Not holding lease sales over the next five years would cut an average of $1.5 billion per year in revenue to the U.S. government, said the report prepared by Energy & Industrial Advisory Partners, which modeled the impacts of no new leasing until 2028.

That loss would then jeopardize funds for programs supported by offshore oil dollars, like the Land and Water Conservation Fund that pays for maintenance and repairs on public lands, as well as eliminating millions of dollars for local governments and historic preservation budgets, the report notes.

By 2036, a five-year pause in leasing would result in a 33 percent drop in oil and gas production in the Gulf of Mexico, where projects are lined up like a “conveyor belt” over multiple years from the leasing phase to exploration to eventual production.

“That conveyor belt is going to have a gap on it,” said Paul Danos, CEO of oil and gas service company Danos, which is headquartered on the Gulf Coast, in a call with reporters today. “And every day that we wait, that we aren’t putting leases on that conveyor belt, we’re going to have a gap down the road.”

Interior spokesperson Melissa Schwartz did not provide a timeline for the release of a new offshore leasing program when asked today but noted in a statement that the oil industry already holds significant leases.

“The Interior Department is actively developing its five-year plan for the offshore program,” she said in an email. “In the meantime, of the more than 11 million acres of offshore federal waters already under lease, more than three-quarters (75.58% or 8.29 million acres) are unused and non-producing.”

Industry has become increasingly bitter over the Biden administration’s failure to conduct oil and gas lease sales while also pushing the industry to drill more to drive down high global crude prices (Energywire, March 9).

When President Biden first took office last year, the administration instituted a controversial moratorium on new leasing in order to conduct a report examining the shortcomings of the federal oil program.
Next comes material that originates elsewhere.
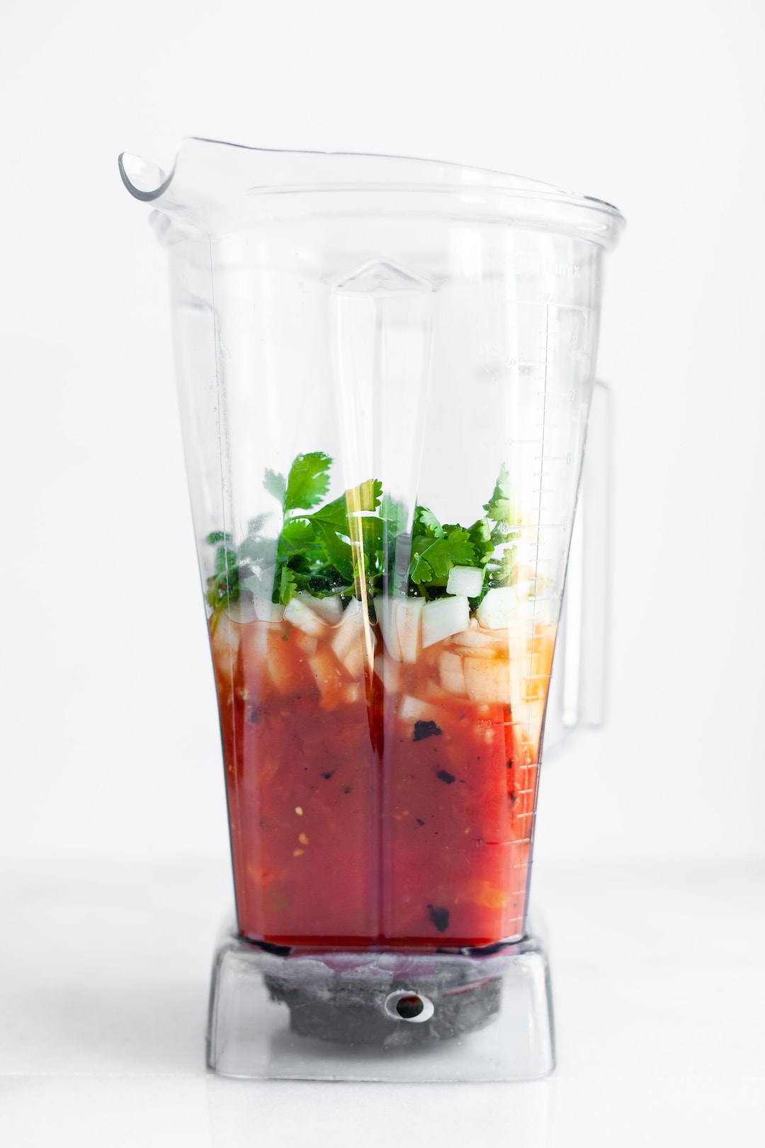 - Loosely chop the onion and add to the blender along with the rest of the ingredients.

That temporary ban was later overturned by a federal judge.

In a twist, the White House’s first and only lease auction for federal minerals, held in the Gulf of Mexico last year, was also overturned by a separate federal judge for failing to account for the climate impacts of selling oil and gas leases.
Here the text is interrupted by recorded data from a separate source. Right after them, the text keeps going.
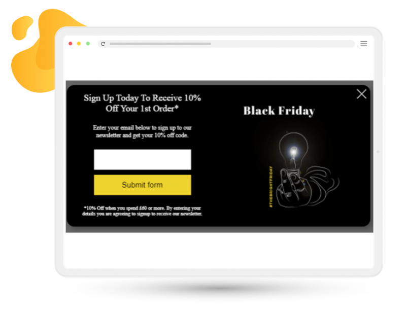 LSE Retail, a retailer selling lamps, made use of a special popover themed for Black Friday on their Iconic Lights website. The black background fits the theme perfectly, with the glowing lamp fitting for the company itself. Their new customer sign ups increased by 75% over the two months they displayed this popover.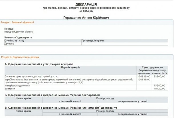 Согласно декларации за 2014 год все доходы Геращенко составляет зарплата. При том, что депутатом он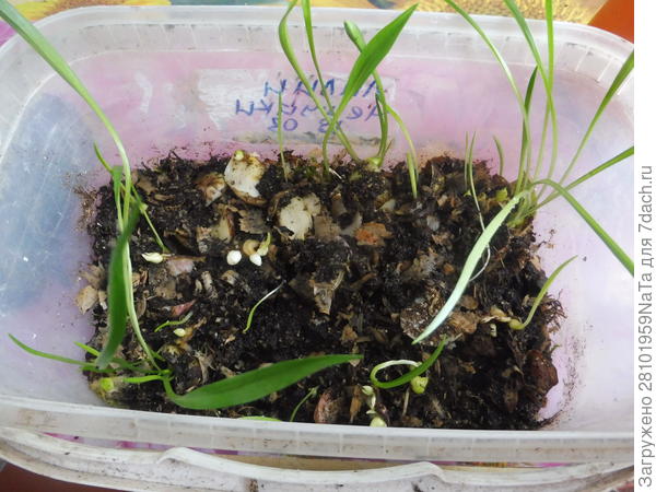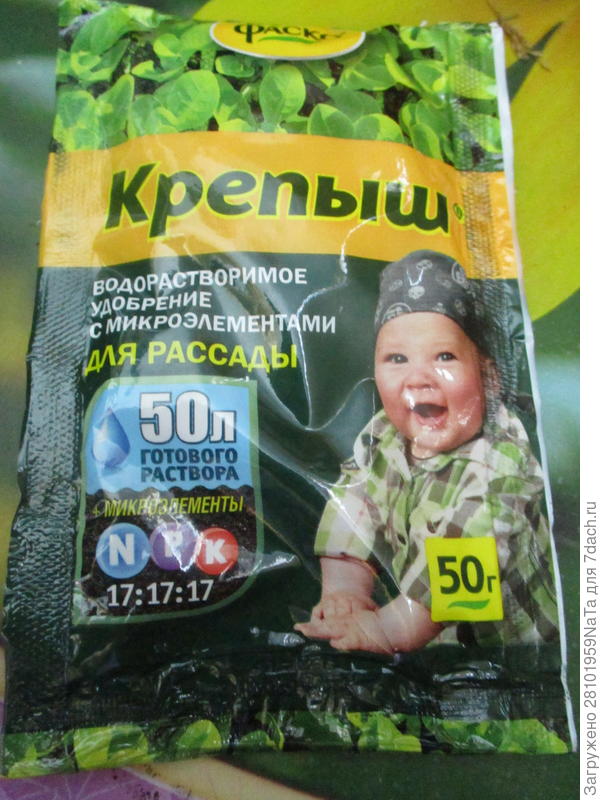 Накрыла емкость с чешуйками пленкой и поставила в теплое место для прорастания, иногда проветривая. Когда из чешуек начали появляться маленькие тоненькие росточки, их нужно присыпать слегка землей, открыть пленку и подкормить. Когда подкармливаю первый раз проросшие чешуйки лилий, я использую удобрение для рассады «Крепыш».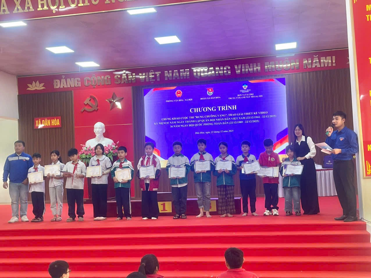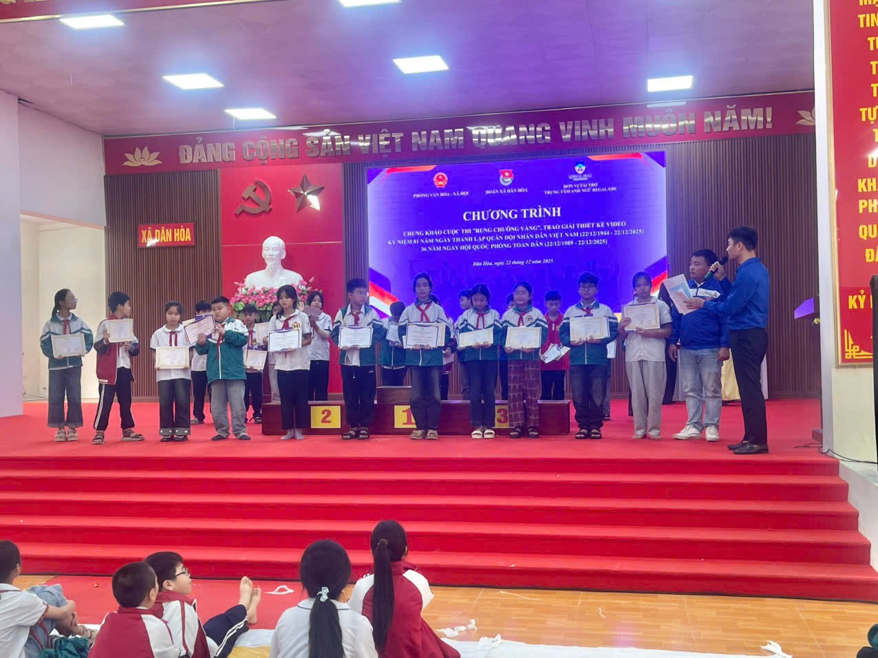 Hòa chung không khí thi đua sôi nổi chào mừng 81 năm Ngày thành lập Quân đội Nhân dân Việt Nam (22/12/1944 – 22/12/2025), Trường Tiểu học Xuân Dương xin nhiệt liệt chúc mừng 15 em học sinh đã đại diện nhà trường tham gia Hội thi “Rung chuông vàng” do Phòng Văn hóa – Xã hội và Đoàn Thanh niên xã Dân Hòa tổ chức. Với tinh thần tự tin các em đã tham gia với tinh thần giao lưu học hỏi. xin được chúc mừng 3 em học sinh Lê Thanh Thùy, Nguyễn Gia Khải lớp 5A1, bạn Nguyễn Thị Ngọc Ánh lớp 5A2 đã đạt giải khuyến khích của cuộc thi. Thành tích của các em không chỉ là niềm vui, niềm tự hào của gia đình và nhà trường mà còn thể hiện sự hiểu biết, lòng yêu nước, niềm tự hào về truyền thống vẻ vang của Quân đội Nhân dân Việt Nam anh hùng. Nhà trường xin ghi nhận và biểu dương tinh thần học tập, rèn luyện nghiêm túc của các em; đồng thời trân trọng cảm ơn sự quan tâm, tạo điều kiện của các thầy cô giáo, quý phụ huynh và Ban Tổ chức hội thi. Chúc các em tiếp tục nỗ lực, học tập thật tốt và gặt hái thêm nhiều thành công trong những sân chơi trí tuệ tiếp theo! 💐

Industry supporters, including the American Petroleum Institute, have brought their own lawsuits against the administration to try and force the regular sale of oil and gas drilling rights. More litigation is expected if a new oil and gas leasing plan isn’t in place this summer.
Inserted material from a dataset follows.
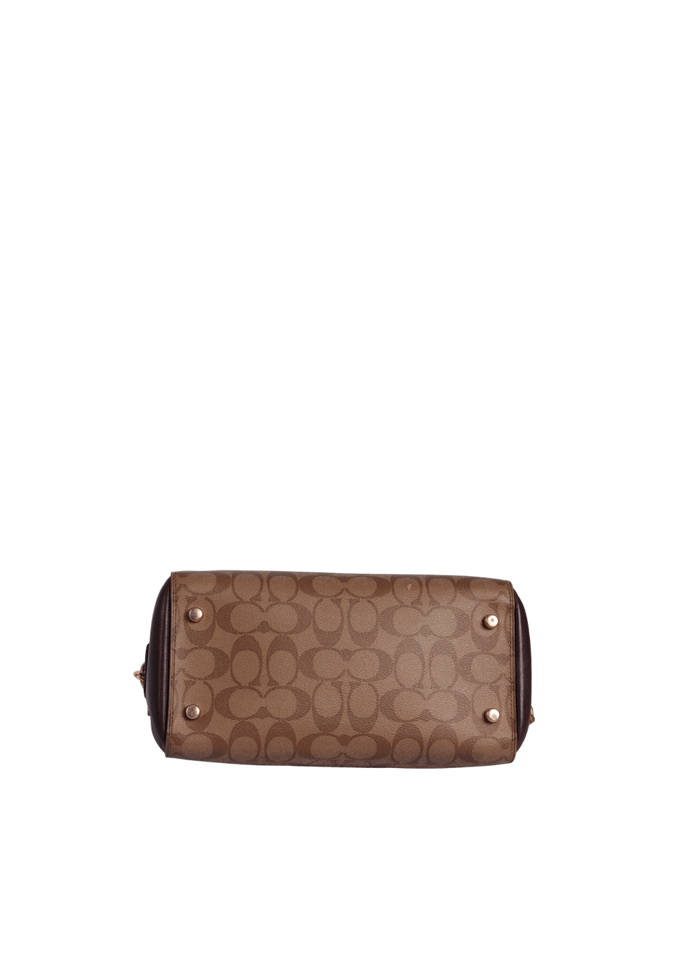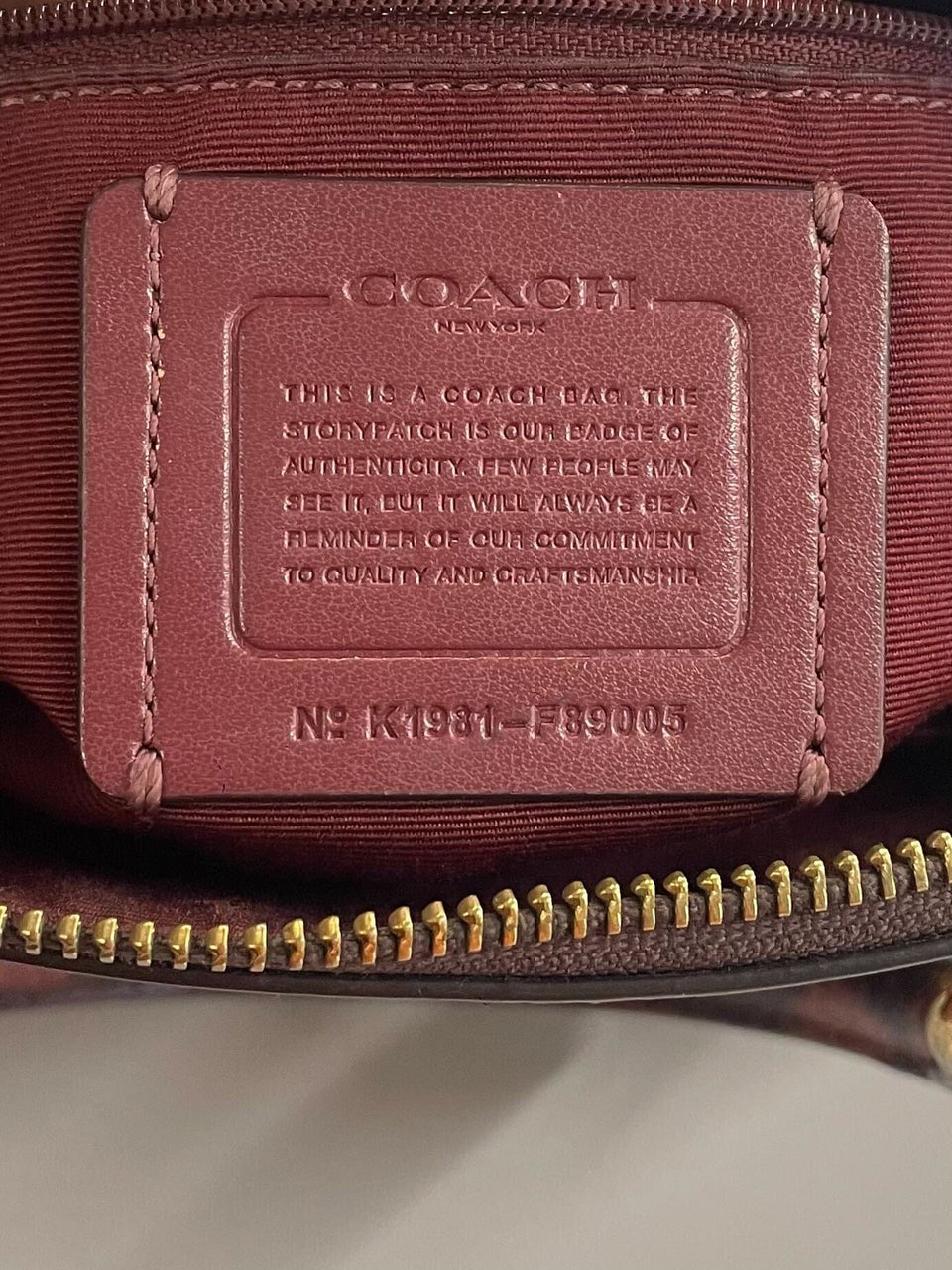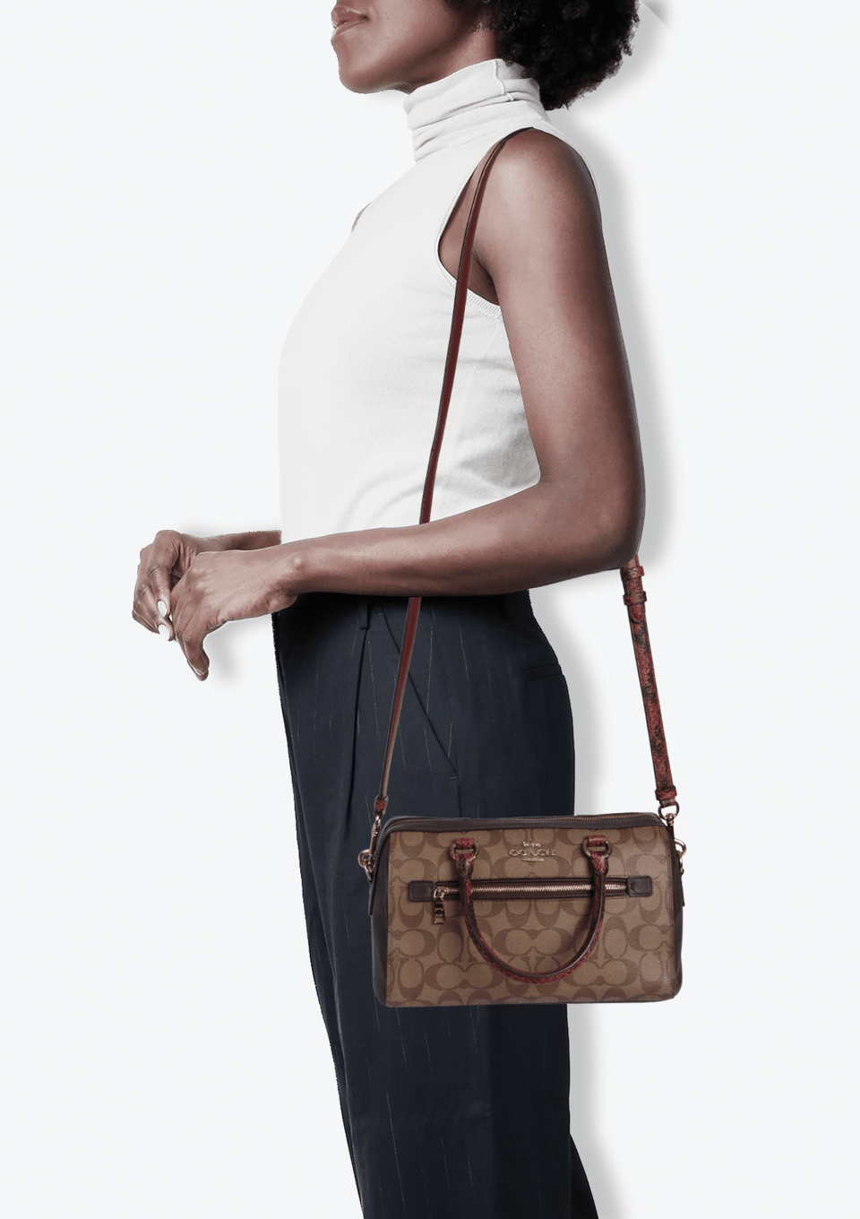 Descrição do Material: Canvas Signature marrom com detalhes em couro calfskin bordô e efeito de pele de cobra

For its part, the administration has said it continues to carry out the federal oil and gas programs, both onshore and offshore, in accordance with federal law.

Earlier this year, the administration blamed a delay in holding sales on a federal court decision that blocked the administration from using a contested social cost of carbon in weighing drilling impacts. But a federal appeals court has since allowed Interior to continue using that metric to measure greenhouse gases associated with drilling, which Schwartz earlier this month said would allow the agency to continue planning for oil and gas leasing.